Postal/zip codes around the world don't follow a common pattern. In some countries they are made up by numbers, in others they can be combinations of numbers an letters, some can contain spaces, others dots, the number of characters can vary from two to at least six...

What you could do (theoretically) is create a seperate regex for every country in the world, not recommendable IMO. But you would still be missing on the validation part: Zip code 12345 may exist, but 12346 not, maybe 12344 doesn't exist either.

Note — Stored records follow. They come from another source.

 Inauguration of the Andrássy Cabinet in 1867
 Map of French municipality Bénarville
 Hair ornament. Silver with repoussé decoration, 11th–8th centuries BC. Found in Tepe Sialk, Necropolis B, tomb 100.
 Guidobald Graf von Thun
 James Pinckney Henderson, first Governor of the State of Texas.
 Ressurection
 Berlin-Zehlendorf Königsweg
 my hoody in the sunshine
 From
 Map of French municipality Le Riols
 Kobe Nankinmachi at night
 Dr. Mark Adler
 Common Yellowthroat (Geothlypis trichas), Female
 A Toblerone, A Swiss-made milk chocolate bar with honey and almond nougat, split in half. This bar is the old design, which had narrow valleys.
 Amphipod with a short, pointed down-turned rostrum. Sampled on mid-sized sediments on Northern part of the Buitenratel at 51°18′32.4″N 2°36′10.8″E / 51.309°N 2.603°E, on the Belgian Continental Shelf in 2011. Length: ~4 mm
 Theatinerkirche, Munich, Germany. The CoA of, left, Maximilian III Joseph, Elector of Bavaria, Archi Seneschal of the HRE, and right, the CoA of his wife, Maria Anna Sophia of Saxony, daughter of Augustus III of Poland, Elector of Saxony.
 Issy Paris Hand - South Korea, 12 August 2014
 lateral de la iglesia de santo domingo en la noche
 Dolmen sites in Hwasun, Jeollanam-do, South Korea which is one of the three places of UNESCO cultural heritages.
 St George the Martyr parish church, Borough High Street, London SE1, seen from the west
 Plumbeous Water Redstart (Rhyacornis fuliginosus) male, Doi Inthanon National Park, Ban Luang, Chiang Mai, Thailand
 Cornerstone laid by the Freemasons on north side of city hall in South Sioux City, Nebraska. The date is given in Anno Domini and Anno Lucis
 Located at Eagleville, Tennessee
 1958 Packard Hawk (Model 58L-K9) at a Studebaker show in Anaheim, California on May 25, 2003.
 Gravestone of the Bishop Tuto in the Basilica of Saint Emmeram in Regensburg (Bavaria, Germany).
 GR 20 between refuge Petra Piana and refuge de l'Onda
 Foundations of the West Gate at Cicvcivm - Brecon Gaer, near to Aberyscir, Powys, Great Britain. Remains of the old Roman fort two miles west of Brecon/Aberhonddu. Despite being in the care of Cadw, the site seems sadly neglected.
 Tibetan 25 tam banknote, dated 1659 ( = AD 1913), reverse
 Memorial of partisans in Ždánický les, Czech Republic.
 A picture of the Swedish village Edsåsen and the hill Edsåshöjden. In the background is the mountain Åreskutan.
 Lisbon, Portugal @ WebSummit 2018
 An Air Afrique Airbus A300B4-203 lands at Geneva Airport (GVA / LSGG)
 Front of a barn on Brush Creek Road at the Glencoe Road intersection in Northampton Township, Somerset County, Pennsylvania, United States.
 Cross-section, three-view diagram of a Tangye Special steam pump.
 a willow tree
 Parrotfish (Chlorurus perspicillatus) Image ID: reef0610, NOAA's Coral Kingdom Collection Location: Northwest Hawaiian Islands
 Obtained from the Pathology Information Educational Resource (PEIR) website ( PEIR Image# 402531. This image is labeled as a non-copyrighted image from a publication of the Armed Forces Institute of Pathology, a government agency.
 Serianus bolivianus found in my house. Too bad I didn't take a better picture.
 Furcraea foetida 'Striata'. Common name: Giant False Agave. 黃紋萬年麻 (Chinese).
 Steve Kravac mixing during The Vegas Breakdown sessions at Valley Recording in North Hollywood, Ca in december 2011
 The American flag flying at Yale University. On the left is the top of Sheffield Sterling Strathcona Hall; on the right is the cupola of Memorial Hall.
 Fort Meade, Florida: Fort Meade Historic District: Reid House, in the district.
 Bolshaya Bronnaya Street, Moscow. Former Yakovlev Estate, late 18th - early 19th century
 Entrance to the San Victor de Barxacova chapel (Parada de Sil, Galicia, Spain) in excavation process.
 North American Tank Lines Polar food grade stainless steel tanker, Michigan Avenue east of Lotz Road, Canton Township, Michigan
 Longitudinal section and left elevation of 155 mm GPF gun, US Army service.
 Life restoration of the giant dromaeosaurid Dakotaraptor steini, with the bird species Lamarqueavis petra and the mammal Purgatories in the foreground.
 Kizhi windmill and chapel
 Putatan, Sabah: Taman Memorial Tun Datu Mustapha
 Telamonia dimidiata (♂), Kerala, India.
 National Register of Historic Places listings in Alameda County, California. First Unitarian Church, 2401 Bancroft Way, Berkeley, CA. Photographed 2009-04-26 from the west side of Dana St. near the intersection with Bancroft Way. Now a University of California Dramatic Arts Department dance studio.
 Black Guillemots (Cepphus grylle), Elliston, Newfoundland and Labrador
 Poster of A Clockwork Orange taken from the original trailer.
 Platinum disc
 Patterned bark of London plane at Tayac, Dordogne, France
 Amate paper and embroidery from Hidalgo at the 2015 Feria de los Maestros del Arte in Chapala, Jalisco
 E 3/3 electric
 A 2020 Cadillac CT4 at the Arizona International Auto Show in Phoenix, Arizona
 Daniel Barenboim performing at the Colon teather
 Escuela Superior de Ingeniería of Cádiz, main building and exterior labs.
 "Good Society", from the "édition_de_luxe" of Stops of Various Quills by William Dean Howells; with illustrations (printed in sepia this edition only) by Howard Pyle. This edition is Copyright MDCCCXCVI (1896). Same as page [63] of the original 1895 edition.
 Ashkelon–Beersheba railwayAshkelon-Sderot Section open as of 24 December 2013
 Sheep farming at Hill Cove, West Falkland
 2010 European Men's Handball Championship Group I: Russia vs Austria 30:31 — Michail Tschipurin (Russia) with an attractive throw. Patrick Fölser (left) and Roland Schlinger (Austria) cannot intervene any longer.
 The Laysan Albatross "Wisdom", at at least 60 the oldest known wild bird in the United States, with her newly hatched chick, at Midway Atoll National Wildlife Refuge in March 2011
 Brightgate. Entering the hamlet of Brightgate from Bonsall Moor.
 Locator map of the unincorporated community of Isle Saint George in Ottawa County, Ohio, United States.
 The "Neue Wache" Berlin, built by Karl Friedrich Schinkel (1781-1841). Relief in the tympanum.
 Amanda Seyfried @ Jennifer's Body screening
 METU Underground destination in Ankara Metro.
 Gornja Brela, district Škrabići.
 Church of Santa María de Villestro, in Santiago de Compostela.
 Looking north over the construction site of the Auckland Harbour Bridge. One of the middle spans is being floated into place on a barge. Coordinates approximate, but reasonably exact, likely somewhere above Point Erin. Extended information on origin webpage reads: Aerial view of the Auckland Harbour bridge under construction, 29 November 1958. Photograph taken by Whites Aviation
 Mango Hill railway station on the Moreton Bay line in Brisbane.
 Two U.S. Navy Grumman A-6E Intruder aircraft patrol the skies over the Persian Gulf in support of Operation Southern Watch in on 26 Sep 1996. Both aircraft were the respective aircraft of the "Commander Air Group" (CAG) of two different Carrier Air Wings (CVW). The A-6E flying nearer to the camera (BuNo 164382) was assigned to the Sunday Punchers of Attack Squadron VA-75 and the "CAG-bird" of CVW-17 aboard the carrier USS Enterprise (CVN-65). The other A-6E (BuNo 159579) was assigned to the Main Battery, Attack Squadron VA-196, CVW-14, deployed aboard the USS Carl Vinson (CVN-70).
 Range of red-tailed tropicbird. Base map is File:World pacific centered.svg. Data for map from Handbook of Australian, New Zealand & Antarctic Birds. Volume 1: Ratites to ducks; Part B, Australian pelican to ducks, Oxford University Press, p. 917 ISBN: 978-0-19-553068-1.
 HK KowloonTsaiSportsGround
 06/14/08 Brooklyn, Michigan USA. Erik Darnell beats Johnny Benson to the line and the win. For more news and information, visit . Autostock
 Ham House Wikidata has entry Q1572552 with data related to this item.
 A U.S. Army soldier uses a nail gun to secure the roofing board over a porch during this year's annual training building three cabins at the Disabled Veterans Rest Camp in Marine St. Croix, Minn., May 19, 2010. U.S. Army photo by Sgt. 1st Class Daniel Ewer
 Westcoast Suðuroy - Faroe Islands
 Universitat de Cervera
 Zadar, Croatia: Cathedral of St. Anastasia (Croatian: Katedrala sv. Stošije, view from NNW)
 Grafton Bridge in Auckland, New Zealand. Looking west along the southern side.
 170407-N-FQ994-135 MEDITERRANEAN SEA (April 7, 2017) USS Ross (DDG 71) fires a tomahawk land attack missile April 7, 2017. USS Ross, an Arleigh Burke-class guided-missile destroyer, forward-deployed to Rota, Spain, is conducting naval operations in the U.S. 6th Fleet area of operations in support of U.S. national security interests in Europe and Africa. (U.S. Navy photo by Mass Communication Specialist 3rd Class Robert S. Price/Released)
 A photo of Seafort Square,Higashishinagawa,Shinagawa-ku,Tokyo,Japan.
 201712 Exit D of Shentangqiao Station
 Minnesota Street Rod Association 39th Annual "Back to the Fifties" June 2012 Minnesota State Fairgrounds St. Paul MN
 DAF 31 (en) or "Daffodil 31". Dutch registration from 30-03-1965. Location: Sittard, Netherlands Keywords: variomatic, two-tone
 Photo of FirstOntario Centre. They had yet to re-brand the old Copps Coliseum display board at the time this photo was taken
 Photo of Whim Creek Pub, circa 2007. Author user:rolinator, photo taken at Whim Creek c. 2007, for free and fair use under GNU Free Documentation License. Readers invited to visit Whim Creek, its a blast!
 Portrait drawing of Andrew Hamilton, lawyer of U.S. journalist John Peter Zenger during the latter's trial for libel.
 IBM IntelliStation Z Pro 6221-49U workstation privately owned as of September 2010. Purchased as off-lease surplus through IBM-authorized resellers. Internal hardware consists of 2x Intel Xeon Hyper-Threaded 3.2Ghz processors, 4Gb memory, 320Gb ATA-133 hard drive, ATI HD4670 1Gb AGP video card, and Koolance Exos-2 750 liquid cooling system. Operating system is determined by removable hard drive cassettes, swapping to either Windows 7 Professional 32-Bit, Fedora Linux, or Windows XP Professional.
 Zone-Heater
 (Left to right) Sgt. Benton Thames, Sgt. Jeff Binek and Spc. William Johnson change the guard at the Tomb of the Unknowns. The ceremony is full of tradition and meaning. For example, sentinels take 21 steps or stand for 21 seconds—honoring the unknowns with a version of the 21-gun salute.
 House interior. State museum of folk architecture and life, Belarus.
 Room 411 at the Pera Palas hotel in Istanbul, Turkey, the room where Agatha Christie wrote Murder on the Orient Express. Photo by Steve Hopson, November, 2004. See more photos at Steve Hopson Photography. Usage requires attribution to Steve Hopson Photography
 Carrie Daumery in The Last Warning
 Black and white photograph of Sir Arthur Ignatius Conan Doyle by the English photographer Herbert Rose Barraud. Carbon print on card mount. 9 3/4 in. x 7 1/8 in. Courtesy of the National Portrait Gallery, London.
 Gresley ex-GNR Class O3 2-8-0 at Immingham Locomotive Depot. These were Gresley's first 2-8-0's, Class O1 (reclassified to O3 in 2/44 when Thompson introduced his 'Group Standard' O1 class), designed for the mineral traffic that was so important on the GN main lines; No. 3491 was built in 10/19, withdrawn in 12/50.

How do you check for that with a regex?

You can't.


use these regx

$ZIPREG=array(
    "US"=>"^\d{5}([\-]?\d{4})?$",
    "UK"=>"^(GIR|[A-Z]\d[A-Z\d]??|[A-Z]{2}\d[A-Z\d]??)[ ]??(\d[A-Z]{2})$",
    "DE"=>"\b((?:0[1-46-9]\d{3})|(?:[1-357-9]\d{4})|(?:[4][0-24-9]\d{3})|(?:[6][013-9]\d{3}))\b",
    "CA"=>"^([ABCEGHJKLMNPRSTVXY]\d[ABCEGHJKLMNPRSTVWXYZ])\ {0,1}(\d[ABCEGHJKLMNPRSTVWXYZ]\d)$",
    "FR"=>"^(F-)?((2[A|B])|[0-9]{2})[0-9]{3}$",
    "IT"=>"^(V-|I-)?[0-9]{5}$",
    "AU"=>"^(0[289][0-9]{2})|([1345689][0-9]{3})|(2[0-8][0-9]{2})|(290[0-9])|(291[0-4])|(7[0-4][0-9]{2})|(7[8-9][0-9]{2})$",
    "NL"=>"^[1-9][0-9]{3}\s?([a-zA-Z]{2})?$",
    "ES"=>"^([1-9]{2}|[0-9][1-9]|[1-9][0-9])[0-9]{3}$",
    "DK"=>"^([D|d][K|k]( |-))?[1-9]{1}[0-9]{3}$",
    "SE"=>"^(s-|S-){0,1}[0-9]{3}\s?[0-9]{2}$",
    "BE"=>"^[1-9]{1}[0-9]{3}$",
    "IN"=>"^\d{6}$"
);


  1. Every postal code system uses only A-Z and/or 0-9 and sometimes space/dash

  2. Not every country uses postal codes (ex. Ireland outside of Dublin), but we'll ignore that here.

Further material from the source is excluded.